Modern Polars

A side-by-side comparison of the Polars and Pandas libraries.
Author

Kevin Heavey

Preface

This is a side-by-side comparison of the Polars and Pandas dataframe libraries, based on Modern Pandas by Tom Augsburger.

(In case you haven’t heard, Polars is a very fast and elegant dataframe libary that does the same kinds of things Pandas does.)

The bulk of this book is structured examples of idiomatic Polars and Pandas code, with commentary on the API and performance of both.

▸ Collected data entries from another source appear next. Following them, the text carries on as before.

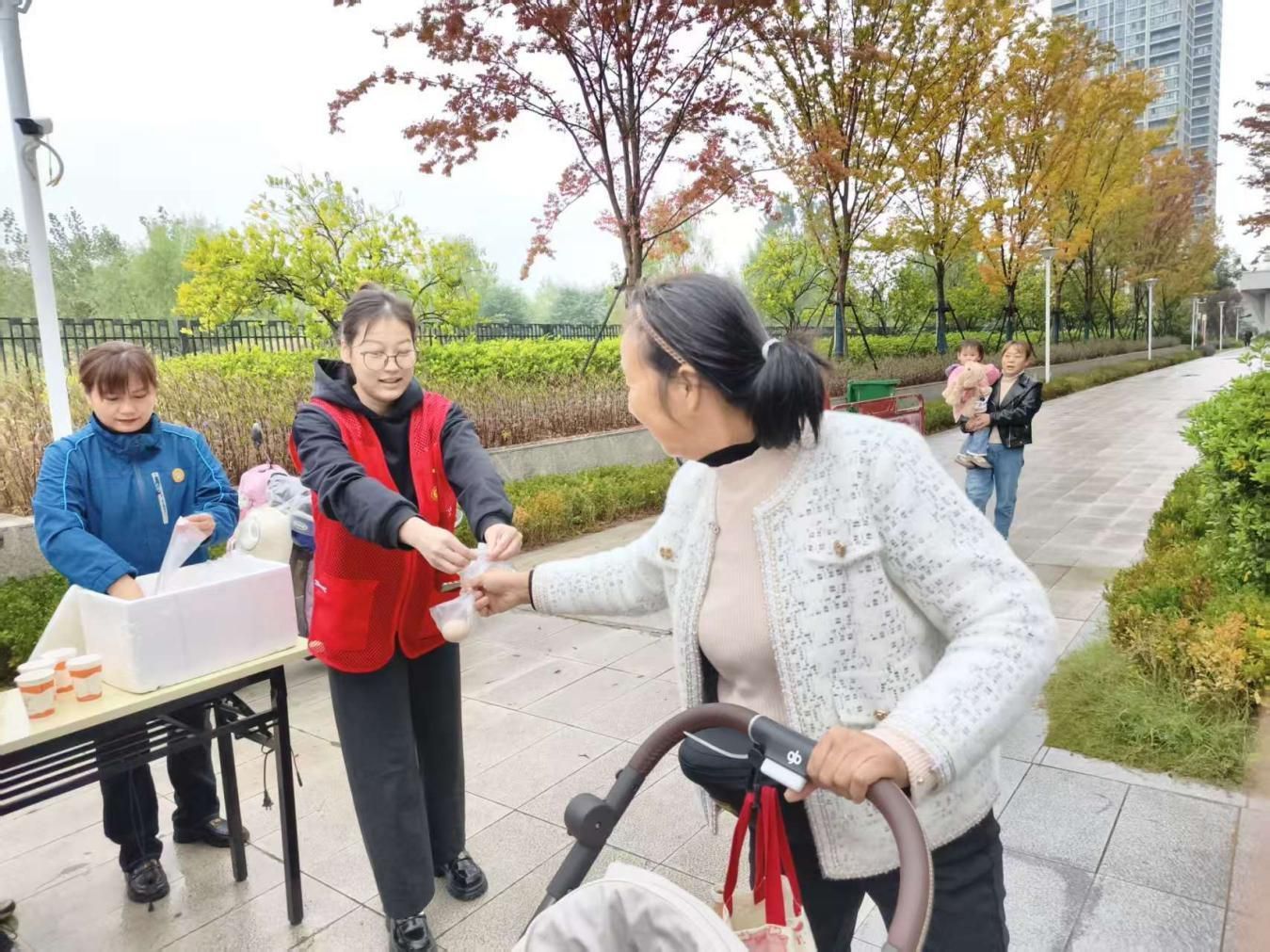 重阳节虽过,但尊老敬老的暖意未减。10月30日,将军路街杨柳社区联合地铁时代云上城物业,将小区门岗化作“暖心驿站”,为辖区老年人免费分发新鲜鸡蛋与热豆浆,传递一份份接地气的关怀。
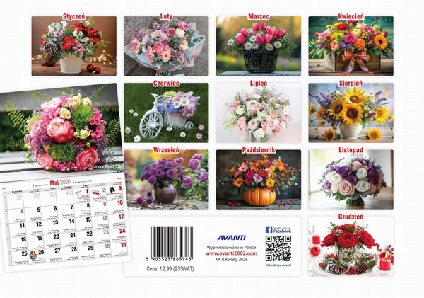 • Rozkładany kalendarz ścienny, drukowany na papierze kredowym
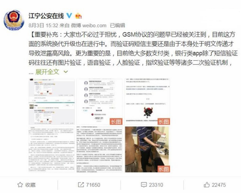 “截獲短信驗證碼”盜刷案頻發:手機處于2G狀態要小心如果你的手機突然長時間處于2G信號狀態時,那么你可要小心了。8月2日下午,南京江寧公安分局官方微博發布消息稱,一種名為“GSM劫持+短信嗅探技術”的犯罪手法是近兩年來出現的新型偽基站犯罪手段,多地警方
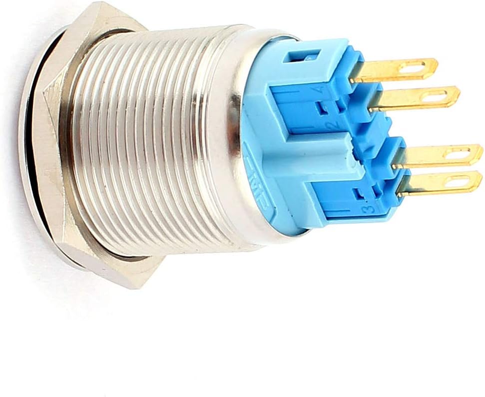 Pole and Throw: DPST; Tipo di isolamento: Latching (Self Locking); Dimensioni totali: 25 x 43mm / 1' 'x 1.7' '(Max.Dia x L) Nome prodotto: interruttore a pulsante; Paese di produzione: CINA Materiale: parti elettroniche, peso netto: 28g Contenuto della confezione: 1 x interruttore a pulsante; quantità terminale: 4 Dimensioni di montaggio: 22mm / 0.87' '; Colore principale: tono argento (KB43090824Q98649705Y)
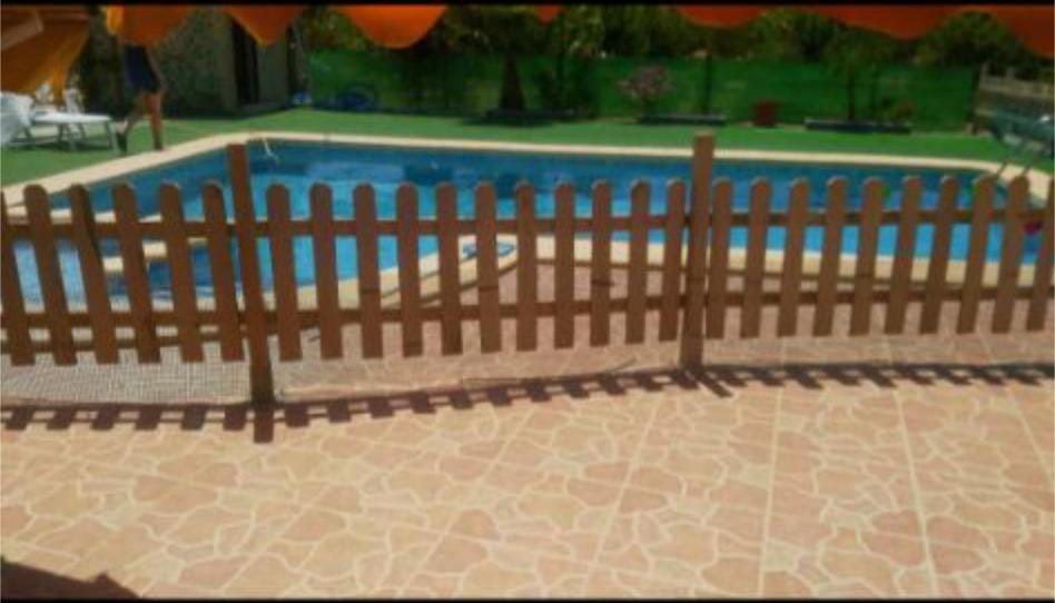 Casa con piscina barbacoa dos baños salón comedor cocina almacén frutales jardín balsa de riego subterránea.
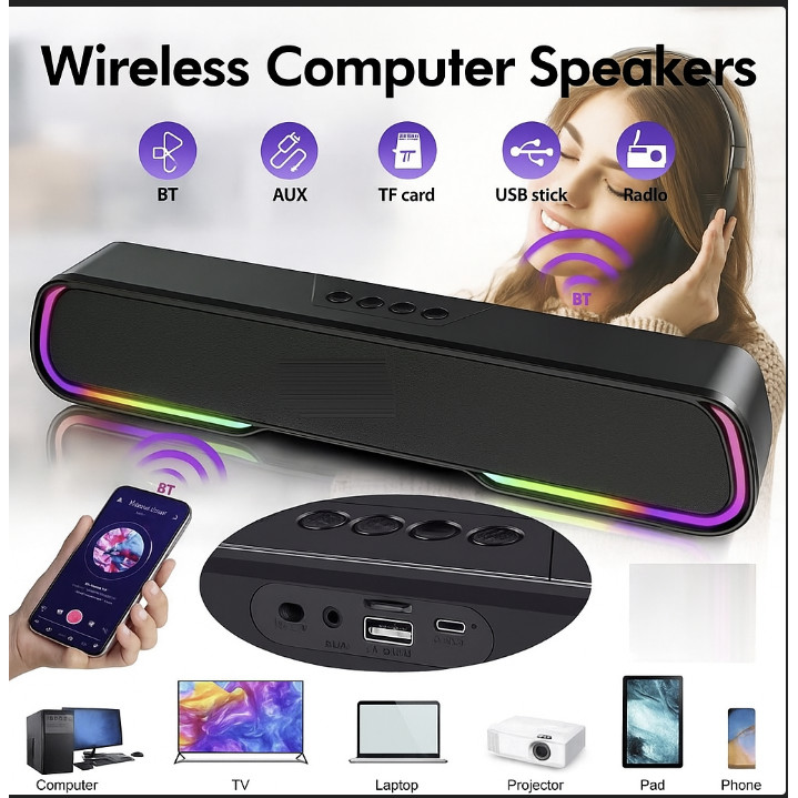 SMARTCOM Wireless Bluetooth 5 0 Speaker TV Soundbar Portable RGB Audio Speaker Portable Super Bass
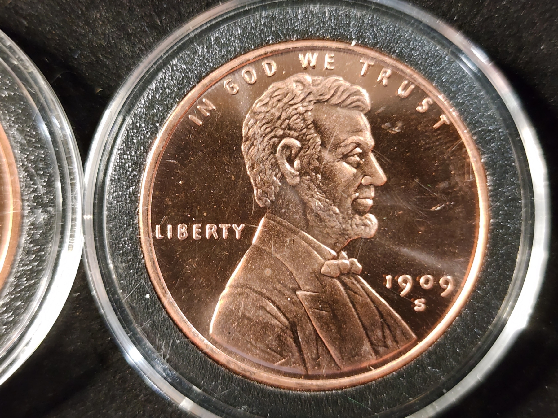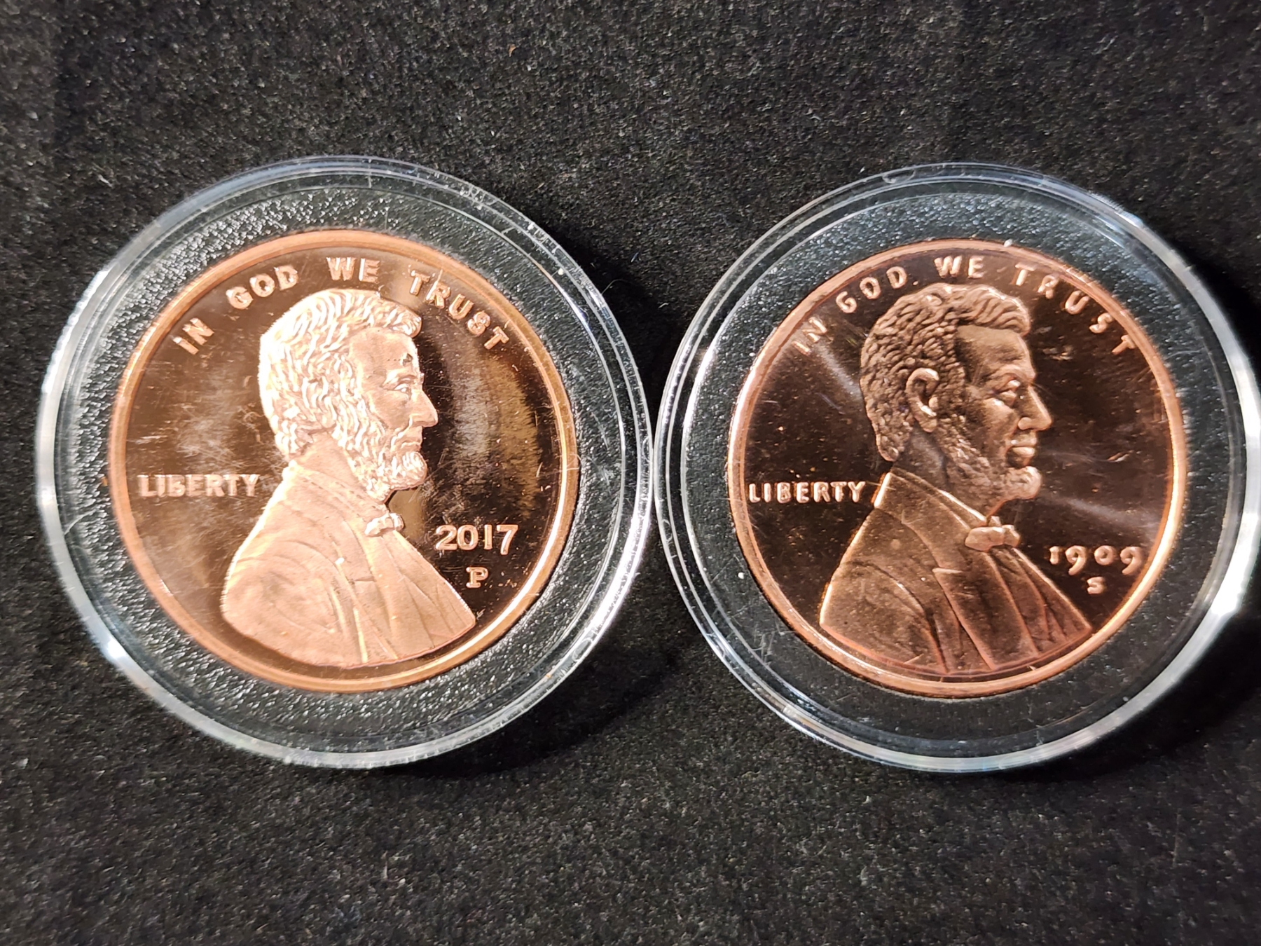 Lot of Two .999 Fine Copper AVDP Ounces in Protective Cases - 2017-P & 1909-S VDB Penny DESIGNS
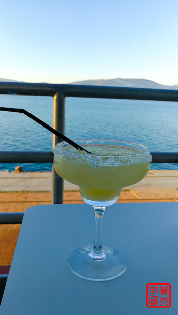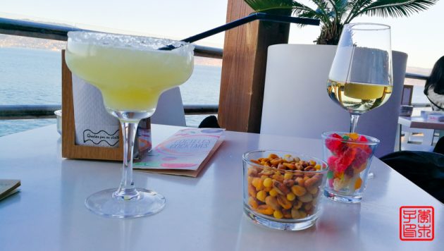 我们来到Tina朋友推荐的一家餐馆Albatros,是在港口轮渡的楼里面,外面看着很不像,但是就在海边,有室内室外,环境超级好,价钱也合适。本来坐外面晒太阳的,但是外面抽烟的人太多,烟味太臭只好回到屋里坐。鸡尾酒一杯5欧,我点了我爱喝的Magrita,我只能说我从来没喝过那么难喝的Magrita不知道西班牙的配方是不是不太一样。以后还是规规矩矩点葡萄酒或者Sangria吧。餐厅是看到到这样的风景的,很赞。
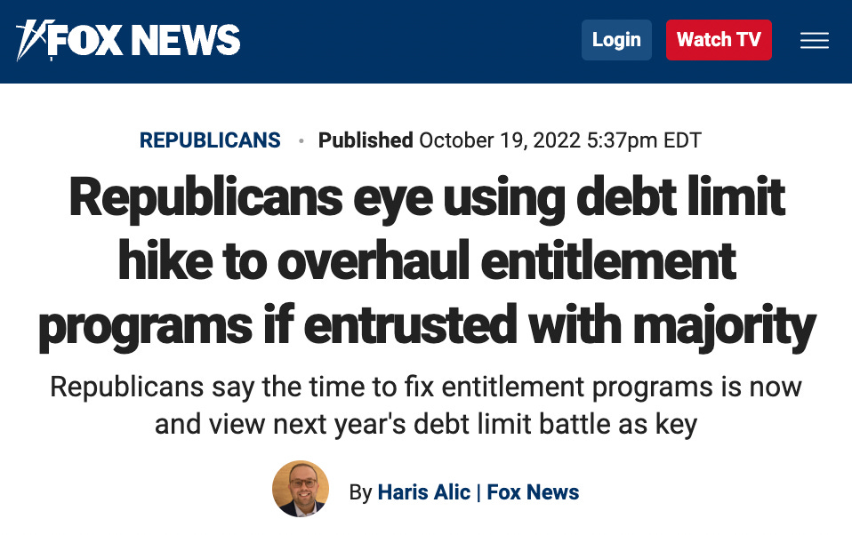 Fox News, which now claims Biden is lying when he says Republicans are linking entitlement cuts to the debt ceiling, reported this was the plan in October:
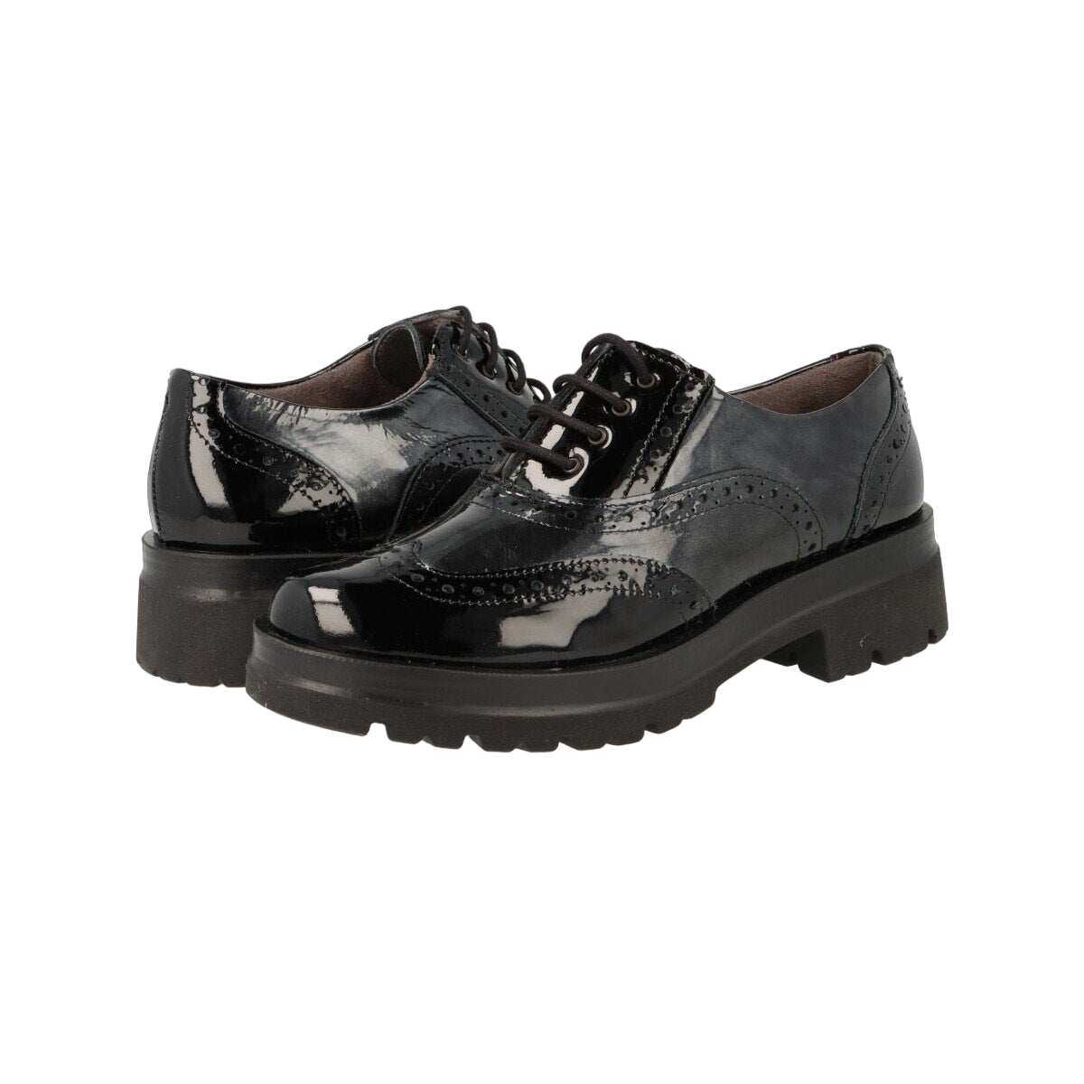 Pitillos Allacciato Donna in Naplak Nero Grigio Stile Inglese
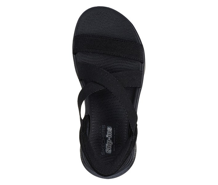 Fekete színű Skechers 141489-BBK női szandál. Felsőrészének az anyaga: Textil felsőrész

For the most part, I argue that Polars is “better” than Pandas, though I do try and make it clear when Polars is lacking a Pandas feature or is otherwise disappointing.

Who is this for?

This is not a beginner’s introduction to data programming, though you certainly don’t need to be an expert to read it. If you have some familiarity with any dataframe library, most of the examples should make sense, but if you’re familiar with Pandas they’ll make even more sense because all the Polars code is accompanied by the equivalent Pandas code.

You don’t need to have read Modern Pandas, though I of course think it’s a great read.

Why?

There’s this weird phenomenon where people write data programming code as if they hate themselves. Many of them are academic or quant types who seem to have some complex about being “bad at coding”. Armchair psychology aside, lots of clever folk keep doing really dumb stuff with Pandas, and at some point you have to wonder if the Pandas API is too difficult for its users.

At the very least, articles like Minimally Sufficient Pandas make a compelling case for Pandas having too much going on.

Having used Pandas a lot, I think Polars is more intuitive and does a better job of having One Obvious Way to do stuff. It’s also much faster at most things, even when you do Pandas the right way.

Hopefully this work shows you how, why and when to prefer Polars.

Credit

The Pandas examples are mostly lifted from Tom’s articles, with some updates for data that’s no longer available, and some code changes to reflect how Pandas is written in 2023. This isn’t just me being lazy - I want to draw on Pandas examples that quite a lot of people are already familiar with.

So credit goes to Tom for the Pandas examples, for most of the data fetching code and for the general structure of the articles. Meanwhile the text content and the Polars examples are from me.

Running the code yourself

You can install the exact packages that the book uses with the env.yml file:

mamba env create -f env.yml

If you’re not using mamba/conda you can install the following package versions and it should work:

polars: 1.0.0
pyarrow: 10.0.1
pandas: 2.2.2
numpy: 1.26.4
fsspec: 2024.6.1
matplotlib: 3.8.0
seaborn: 0.13.2
statsmodels: 0.14.2

Data

All the data fetching code is included, but will eventually break as websites change or shut down. The smaller datasets have been checked in here for posterity.

Contributing

This book is free and open source, so please do open an issue if you notice a problem!